:: Data records
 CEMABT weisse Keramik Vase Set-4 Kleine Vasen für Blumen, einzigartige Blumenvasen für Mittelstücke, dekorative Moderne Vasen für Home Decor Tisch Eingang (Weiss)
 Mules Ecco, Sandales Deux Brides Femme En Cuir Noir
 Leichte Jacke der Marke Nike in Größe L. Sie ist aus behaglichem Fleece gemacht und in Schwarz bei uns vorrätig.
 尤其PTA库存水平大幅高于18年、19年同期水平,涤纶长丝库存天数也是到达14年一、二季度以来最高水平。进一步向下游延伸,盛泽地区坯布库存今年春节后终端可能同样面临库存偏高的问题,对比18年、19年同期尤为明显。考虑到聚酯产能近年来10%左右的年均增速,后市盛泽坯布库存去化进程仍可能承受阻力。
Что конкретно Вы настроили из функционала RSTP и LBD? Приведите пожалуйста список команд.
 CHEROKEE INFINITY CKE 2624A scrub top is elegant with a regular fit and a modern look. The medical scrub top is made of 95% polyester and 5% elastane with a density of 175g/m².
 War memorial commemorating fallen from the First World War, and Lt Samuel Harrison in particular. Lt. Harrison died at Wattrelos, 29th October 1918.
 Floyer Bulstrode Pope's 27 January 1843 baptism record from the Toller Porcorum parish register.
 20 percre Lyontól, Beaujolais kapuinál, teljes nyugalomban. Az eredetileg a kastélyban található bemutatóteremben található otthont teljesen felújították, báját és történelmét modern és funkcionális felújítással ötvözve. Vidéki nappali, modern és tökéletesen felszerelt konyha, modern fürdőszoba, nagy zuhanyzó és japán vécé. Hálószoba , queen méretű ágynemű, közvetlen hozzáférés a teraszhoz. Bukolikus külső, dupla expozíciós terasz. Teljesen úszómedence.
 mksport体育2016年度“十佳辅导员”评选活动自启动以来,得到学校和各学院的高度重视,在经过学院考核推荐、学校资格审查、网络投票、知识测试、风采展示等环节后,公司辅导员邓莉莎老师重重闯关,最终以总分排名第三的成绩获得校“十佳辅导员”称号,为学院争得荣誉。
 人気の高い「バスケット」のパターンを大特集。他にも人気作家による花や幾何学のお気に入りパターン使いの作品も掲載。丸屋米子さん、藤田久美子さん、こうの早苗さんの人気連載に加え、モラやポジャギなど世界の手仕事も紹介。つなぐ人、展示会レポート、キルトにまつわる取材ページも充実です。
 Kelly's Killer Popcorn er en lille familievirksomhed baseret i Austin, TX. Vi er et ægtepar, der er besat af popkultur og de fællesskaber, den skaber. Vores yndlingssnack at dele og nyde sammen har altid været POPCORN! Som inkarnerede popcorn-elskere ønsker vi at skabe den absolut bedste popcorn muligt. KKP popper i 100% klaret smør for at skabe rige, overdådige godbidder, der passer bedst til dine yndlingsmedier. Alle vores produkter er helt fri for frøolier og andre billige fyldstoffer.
::::
• What you have to do
Return, word for word, the lines of the data above from the line with "War memorial commemorating" through the line with "Floyer Bulstrode Pope's", inclusive.

• Task response
 War memorial commemorating fallen from the First World War, and Lt Samuel Harrison in particular. Lt. Harrison died at Wattrelos, 29th October 1918.
 Floyer Bulstrode Pope's 27 January 1843 baptism record from the Toller Porcorum parish register.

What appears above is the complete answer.